ABOUT THIS EXERCISE >> Retype every line from the start of the entries below down to the line with "2024年度国家社科基金申报", both ends included; skip the pictures.

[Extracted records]
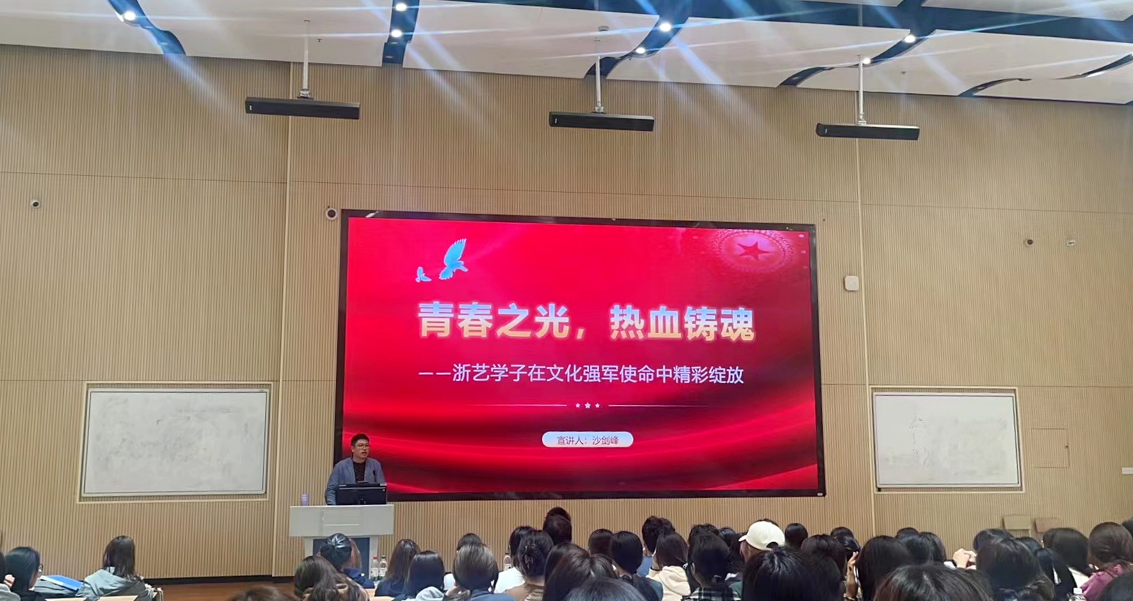 10月开始,学校以形势与政策课集中授课为契机,组织“浙艺青年说”师生理论宣讲团成员走进形式与政策课堂、走近学生身边,与授课教师一起,“以青春视角感悟伟大时代,用青春话语讲述伟大思想”,18位宣讲员以宣讲宣传为着力点,围绕习近平新时代中国特色社会主义思想、习近平文化思想、党的二十届三中全会全会精神、全国教育大会精神等,学习党的理论、传播党的声音,讲好浙艺故事、文广旅故事、浙江故事和中国故事。
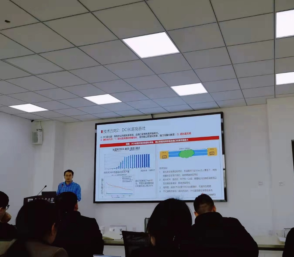 专家报告会由公司韩磊教授主持。华为数据中心网络首席研究员郑晓龙博士、园区网络副主任陈昊博士、计算存储网络负责人王伟光博士分别作了题为《华为数据中心网络规划与技术》《华为园区网络技术规划与技术》和《华为云与计算网络规划与技术》的报告。紫金山天文台百人计划李国亮研究员、张松波博士分别作了题为《空间站望远镜的相关计算》和《时域巡天的自动化与大数据挑战》的报告。公司肖甫教授、樊卫北副教授、王俊昌副教授、何昕博士也分别作了题为《长距无损技术创新思路研究》《效率优先的网络架构设计思考》《端网协同的存储网络技术创新》和《数据中心网络可靠性设计》的报告。吴雪峰副台长对研讨会做了总结发言。
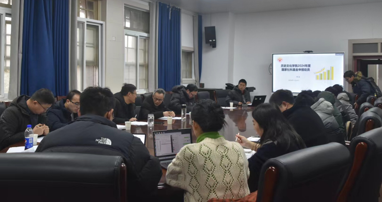 2024年度国家社科基金申报动员会及选题论证会在三楼会议室举行。会议由胡浩副院长主持,齐德舜、柳岳武、惠冬、孙银钢、艾仁贵、侯卫东、曹金萍等各学科专家担任选题论证评议组成员,拟申报本年度国家社科基金的教师参加会议。
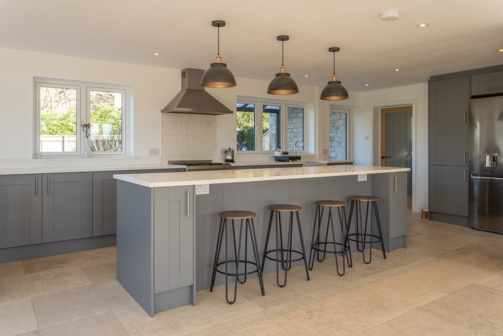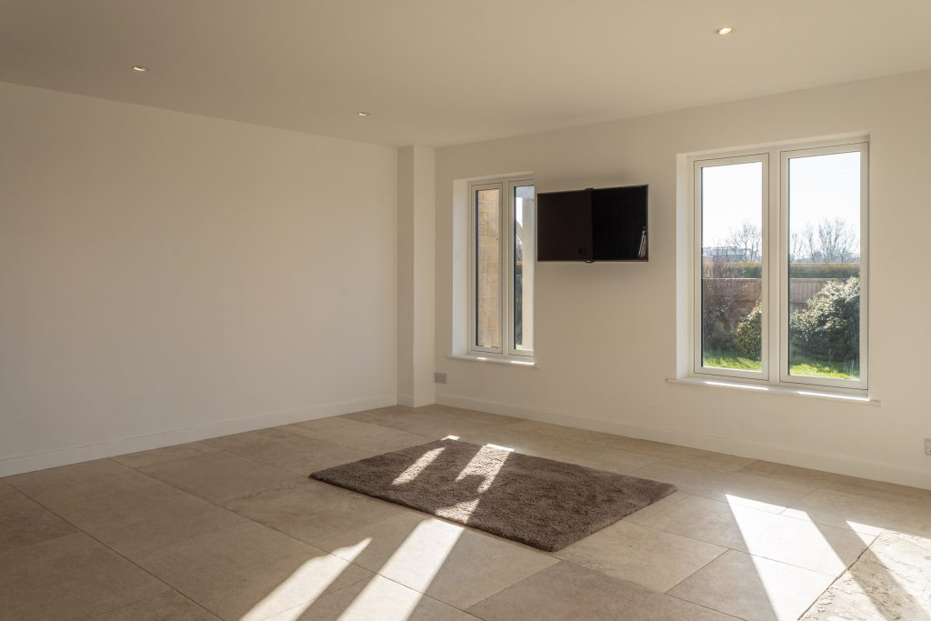 A downstairs bathroom, snug room, utility room and a unique home gym that tailored to the customers preference. We then extended and created this stunning open plan spacious kitchen / dining area that captures the sun from dust till dawn with amazing views of the Malmesbury area.
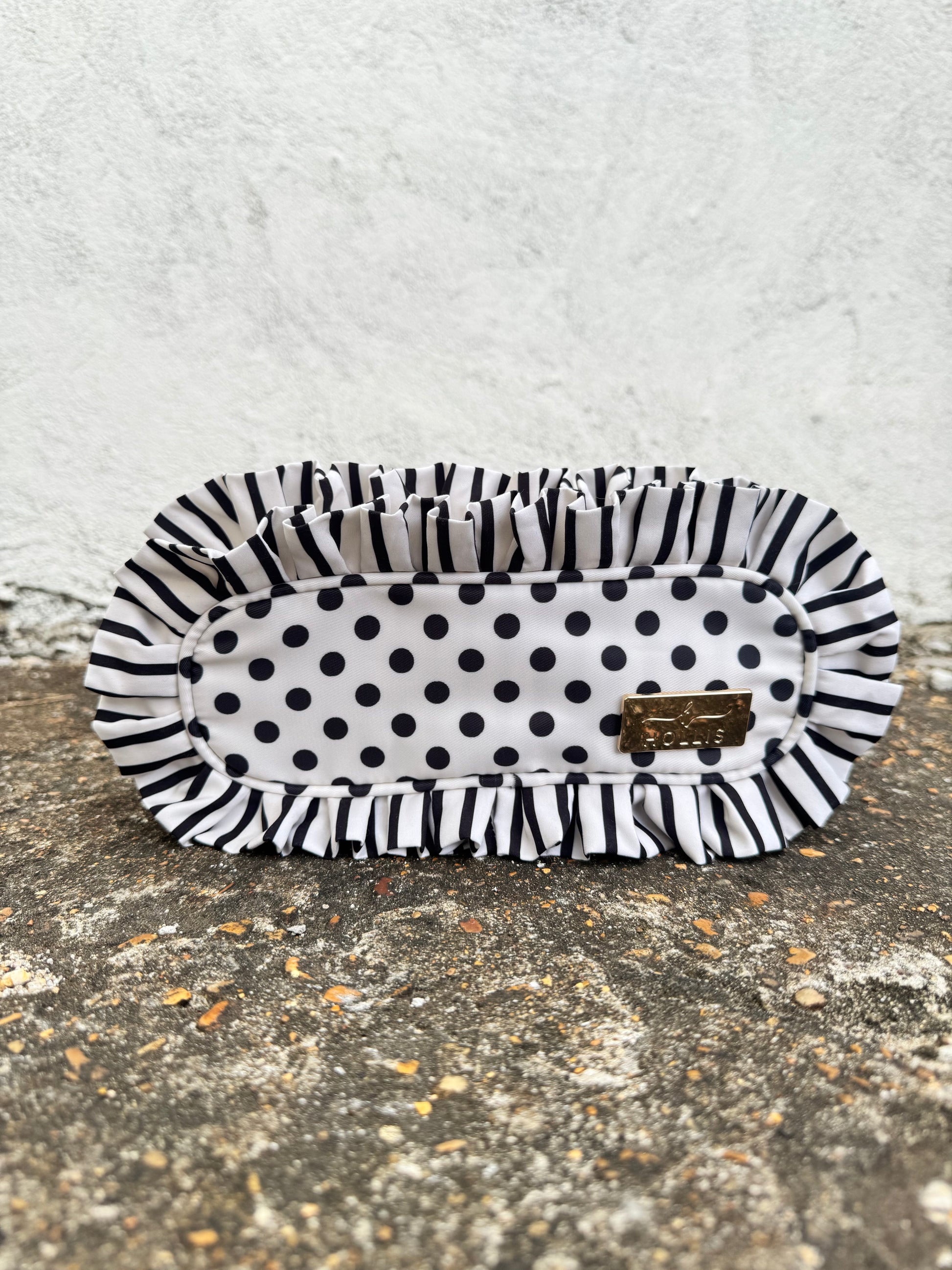 Elevate your organization game with the Polka Pencil Bag—where style meets practicality. Featuring our signature double ruffle trim and charming polka dot design, this compact pouch transforms everyday storage into a fashion statement. The durable, wipeable ruffled nylon construction keeps contents protected while the soft lining ensures effortless cleanup. At 8"x2"x3", it's perfectly sized for pens, cosmetics, tech accessories, and more. Whether you're heading to school, the office, or on an adventure, this chic essential keeps your small items organized and accessible. Make the smart choice for style-conscious organization.
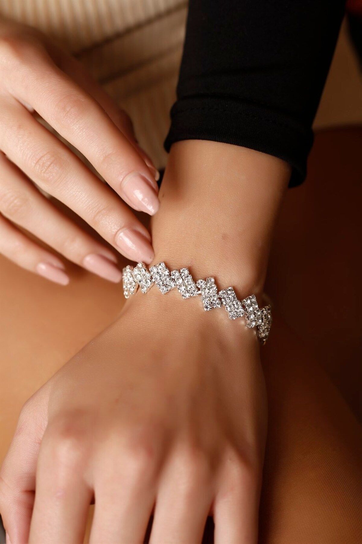While adding a sophisticated touch with its crystal stone material, it offers a timeless elegance with its silver color.
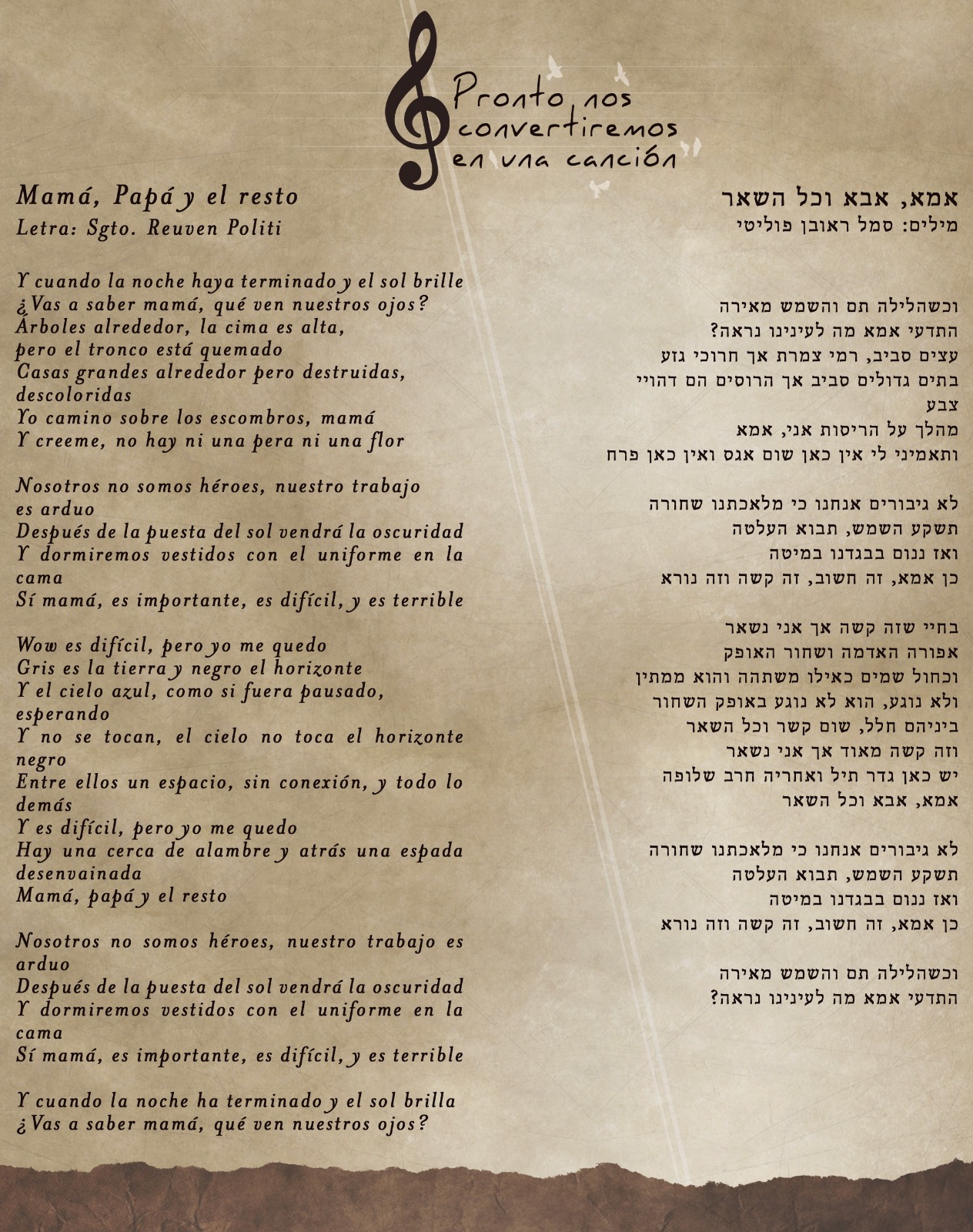 Durante la Primera Guerra del Líbano, un soldado fue entrevistado por un periódico israelí y expresó metafóricamente su temor por caer en batalla: “Pronto nos convertiremos en una canción, pronto podríamos no estar aquí.” Su declaración sombría inspiró el proyecto “Pronto nos convertiremos en una canción.”
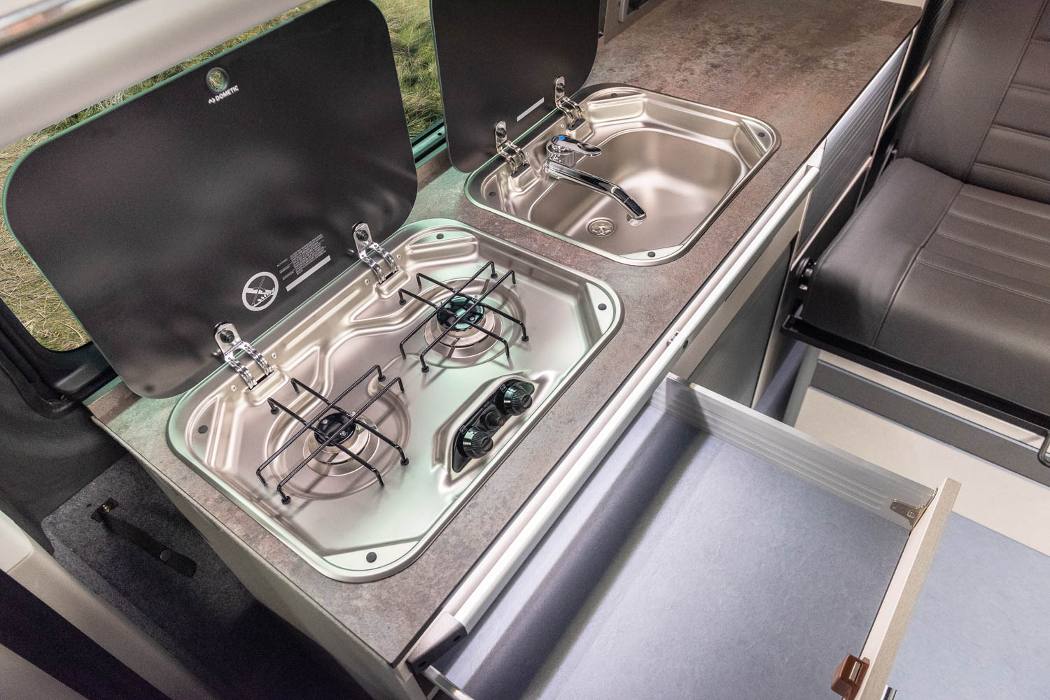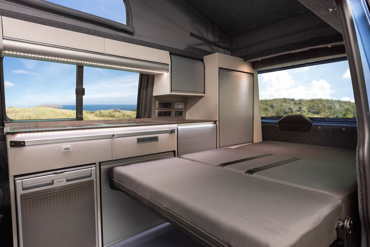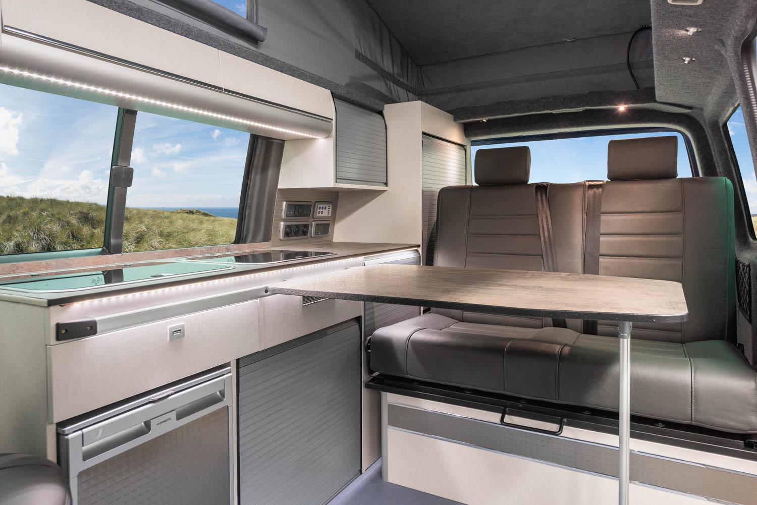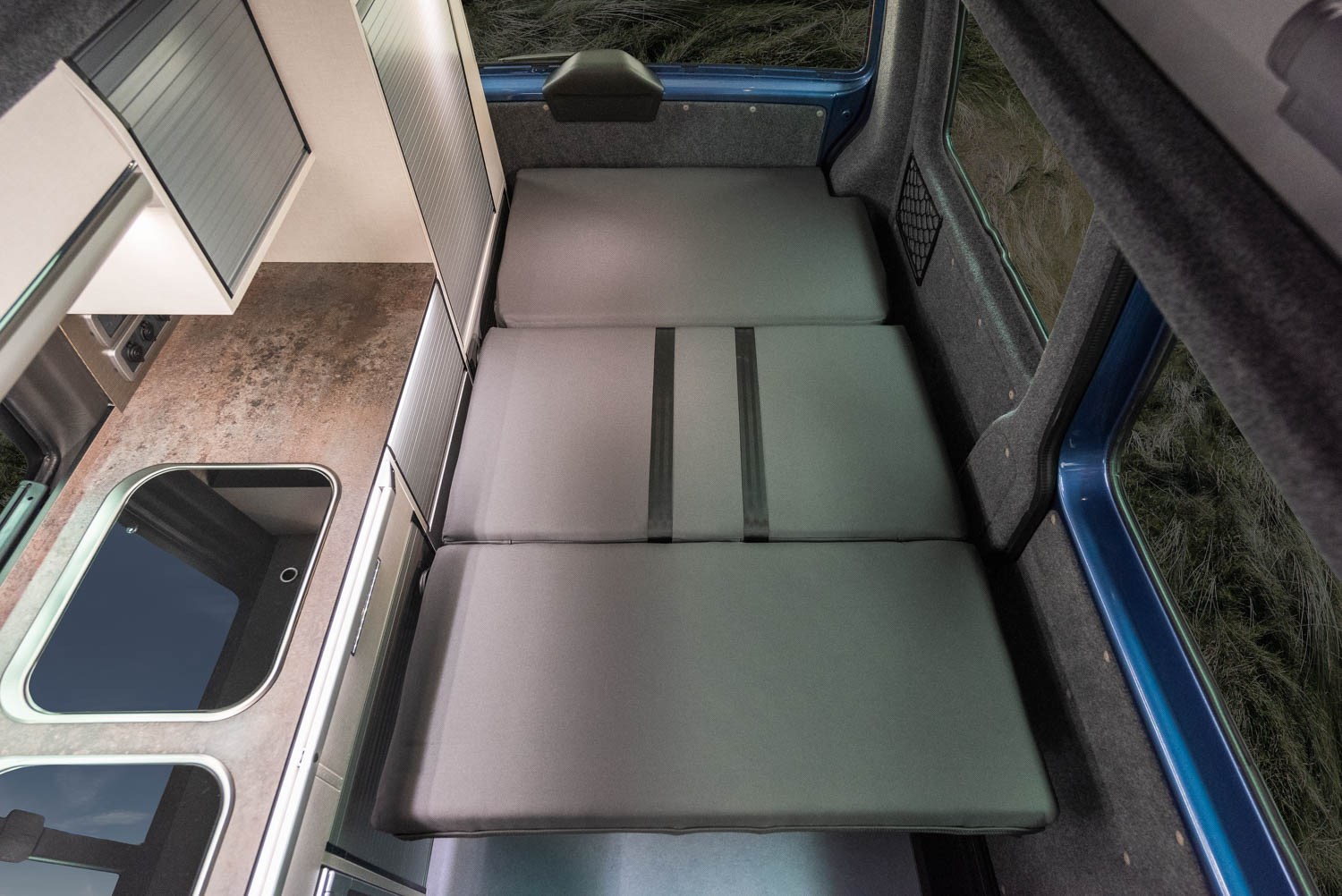 The ‘SWB Dreamaker’ camper van conversion is a culmination of 12 years of refinement to reach what we view is the perfect balance of maximum storage, free space and bed space. The Dreamaker is based on the traditional camper van layout.

ANSWER BELOW >>
 10月开始,学校以形势与政策课集中授课为契机,组织“浙艺青年说”师生理论宣讲团成员走进形式与政策课堂、走近学生身边,与授课教师一起,“以青春视角感悟伟大时代,用青春话语讲述伟大思想”,18位宣讲员以宣讲宣传为着力点,围绕习近平新时代中国特色社会主义思想、习近平文化思想、党的二十届三中全会全会精神、全国教育大会精神等,学习党的理论、传播党的声音,讲好浙艺故事、文广旅故事、浙江故事和中国故事。
 专家报告会由公司韩磊教授主持。华为数据中心网络首席研究员郑晓龙博士、园区网络副主任陈昊博士、计算存储网络负责人王伟光博士分别作了题为《华为数据中心网络规划与技术》《华为园区网络技术规划与技术》和《华为云与计算网络规划与技术》的报告。紫金山天文台百人计划李国亮研究员、张松波博士分别作了题为《空间站望远镜的相关计算》和《时域巡天的自动化与大数据挑战》的报告。公司肖甫教授、樊卫北副教授、王俊昌副教授、何昕博士也分别作了题为《长距无损技术创新思路研究》《效率优先的网络架构设计思考》《端网协同的存储网络技术创新》和《数据中心网络可靠性设计》的报告。吴雪峰副台长对研讨会做了总结发言。
 2024年度国家社科基金申报动员会及选题论证会在三楼会议室举行。会议由胡浩副院长主持,齐德舜、柳岳武、惠冬、孙银钢、艾仁贵、侯卫东、曹金萍等各学科专家担任选题论证评议组成员,拟申报本年度国家社科基金的教师参加会议。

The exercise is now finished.